The First Disney Animated Film Feature
In 1934, Disney started production of Snow White and the Seven Dwarfs characters with The Evil Queen and the dwarfs including Doc and Bashful. Snow White became the first animated feature in English and Technicolor.
Tremendous development and training went into the creation of Snow White and the Seven Dwarfs. The studio expanded with the addition of animators and recent college graduate artists. Some may have even come from Paris - but we're not sure.
What Paris parent would have imagined that Snow White and the Seven Dwarfs would be such a huge hit. It cost Disney a total of $1.4 million to complete but Snow White and the Seven Dwarfs with Snow White and the dwarfs including Grumpy and Happy was the highest grossing production of all time before being de-throned by Gone with the Wind two years later.
While working on Snow White, the animators continued work on the Mickey Mouse and Silly Symphonies series. Mickey Mouse switched to Technicolor in 1935 and added several major supporting friends including Mickey Mouse’s dog Pluto and their friends Donald Duck and Goofy.
New Disney Productions
In 1940, the premiered Pinocchio with characters such as Geppetto, Lampwick and Monstro. Pinocchio won an Academy Award for Best Original Song and Best Original Score.
Disney released Fantasia in 1940 with characters including Mickey Mouse, Tyrannosaurus Rex and The Magic Brooms . It was an experimental animated film produced to accompanying an orchestral arrangement. Fantasia also brought about the development of the Fantasound system which was used to create the film's stereoscopic soundtrack to the delight of Paris viewers.
Dumbo hit the screens in October 1941 with characters including Elephant Matriarch, Casey Junior and Mr. Stork proved to be a monetary success. The feature only cost half the cost of Snow White with its ensemble of with The Prince and the seven drawfs including Sleepy and Dopey and less than a 1/3 of the cost of Pinocchio and his friends Jiminy Cricket, Honest John and Monstro and two fifths of the cost of Fantasia’s cast of Donald Duck, Daisy Duck and Spring Sprite.
In August 1942, Bambi was released in Paris and we met new friends including Bambi's Mother, Faline and Mrs.
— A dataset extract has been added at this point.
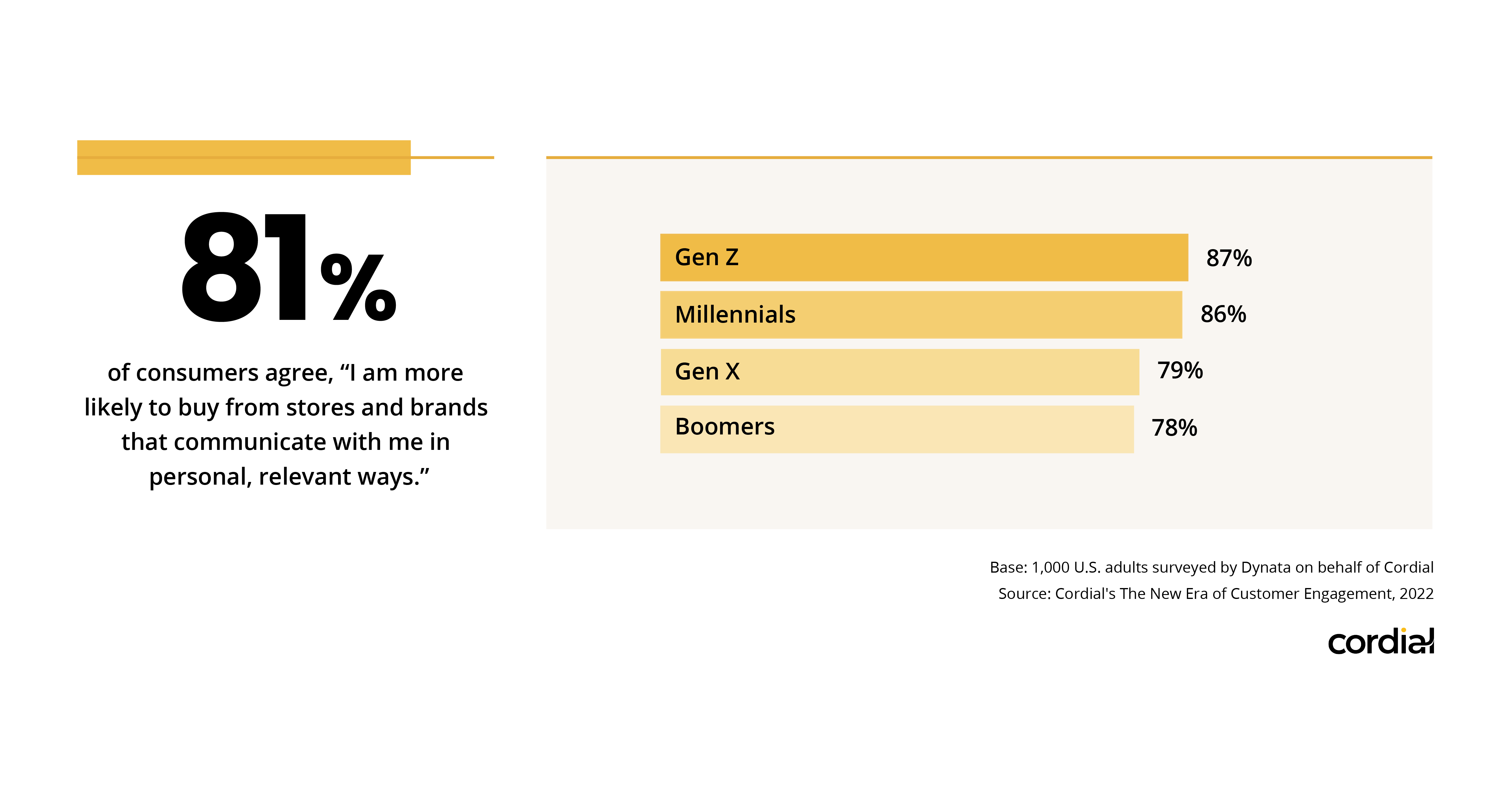 Return to All Resources 7 key insights on how consumers react to texts from brands 3 Minute Read Consumer Behavior Mobile Marketing Research & Statistics SMS Marketing Recommended for you Four signs you’ve outgrown your marketing platform Discover the untapped potential of the mobile app experience The pillars of a successful SMS marketing program CordialSend a better message. To help shine a light on what is different about brand messaging as expectations shift, we’ve conducted research on what consumers want from marketers now and how marketers can better deliver on their expectations. What we’ve uncovered can help you bridge the relevance gap and deliver the hyper-personalized communication your customers want. Although we’ve explored more than 30 data insights on brand messaging and loyalty in our recent data study, “The New Era of Customer Engagement,” here are highlights of our analysis from consumer reactions to text messages from brands—both the good and not so good for SMS marketers in our highly mobile world. Sign of brands sending better text messages Today, brands have to focus on relevance—engaging in ways that are unique to each individual. That starts by taking stock of standard marketing practices today and doing away with old playbooks. To deliver what consumers want today requires rethinking marketing approaches and reassessing what’s possible. Why? Because consumers expect more. And when you give them more, they love it! 1 in 3 people feel valued by texts from brands 1 in 5 people feel excited by texts from brands 3 in 4 people say “I like it when a brand’s email or text message helps me find something that I need, exactly when I need it.” Signs of brands sending poor text messages More than three quarters of consumers say that most of the texts they receive are generic. What’s more noteworthy is that consumers aren’t just quietly deleting the irrelevant messages—they’re tired of it. In fact, 78% of consumers say they get frustrated when brands send them generic messages that aren’t relevant to them! 1 in 5 people unsubscribe after receiving a single generic text from a brand 1 in 2 people will have unsubscribed from a brand after receiving three generic text messages 3 in 4 people say the brand texts they receive aren’t personalized to them Relevancy matters anytime, anywhere Here’s the bottom line: While brand texts can drive sales, generic messages won’t win the day and may turn customers against you. And texts need to be considered as part of the broader communication landscape, thinking about how these messages work with other channels consumers use. The sooner you embrace more advanced personalization, the bigger your impact on your customers will be. Want to learn 30 more data insights about how consumers react to brand messages? Download “The New Era of Customer Engagement” to learn how you can better deliver on rising expectations and the hyper-personalized communication your customers want. Our best content to your inbox, every month Picked For You Article Try these mobile channels to augment your email marketing strategy Email has long been the workhorse of brand marketing efforts. According to eMarketer, 80% of… Article How to nurture advocates through marketing campaigns With marketing priorities focused on KPIs, ROI, and conversion rates, it is easy to become… Future-thinking brands choose Cordial to drive record-level customer engagement and revenue growth Get a demo

Rabbit.
Also in the 1940s, Disney premiered shorts which included Saludos Amigos (1942), The Three Caballeros (1944), Make Mine Music (1946), Fun and Fancy Free (1947), Melody Time (1948), and The Adventures of Ichabod and Mr. Toad (1949). The studio also produced two features, Song of the South (1946) and So Dear to My Heart (1948), which were a combination of animated and live-action footage. Shorts production continued during this period as well, with Donald Duck and Pluto cartoons being the main output accompanied by cartoons starring Mickey Mouse, Figaro and in the 1950s, Chip 'n Dale and Humphrey the Bear.
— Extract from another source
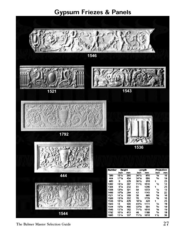 The Balmer Studios Gypsum Friezes 1546 , 1521 , 1543 , 1792 , 444 , 1544 , 1536

Walt Disney also began reissuing the previous features beginning with re-releases of Snow White in 1944 which brought back to the screen The Evil Queen and the dwarfs including Sleepy and Bashful Pinocchio and his friends Geppetto, Honest John and Gideon in 1945 and Fantasia in 1946 which returned Mickey Mouse with Donald, Daisy Duck and Zeus. This led to a tradition of re-releasing the Disney films every 7 years, which lasted into the 1990s.
Upon its premier in 1950, Cinderella proved to be a movie success. Paris movie-goers , also saw the premier Alice in Wonderland and were introduced to Alice, The Cheshire Cat and Tweedledee and Tweedledum. Parents in Paris also took their childres to see Peter Pan and were delighted to meet John Darling, Mr. Smee and Tiger Lily. What dog-lover in Paris could forget the first time they saw Lady and the Tramp on screen and were delighted to meet Lady, Jock and Tony.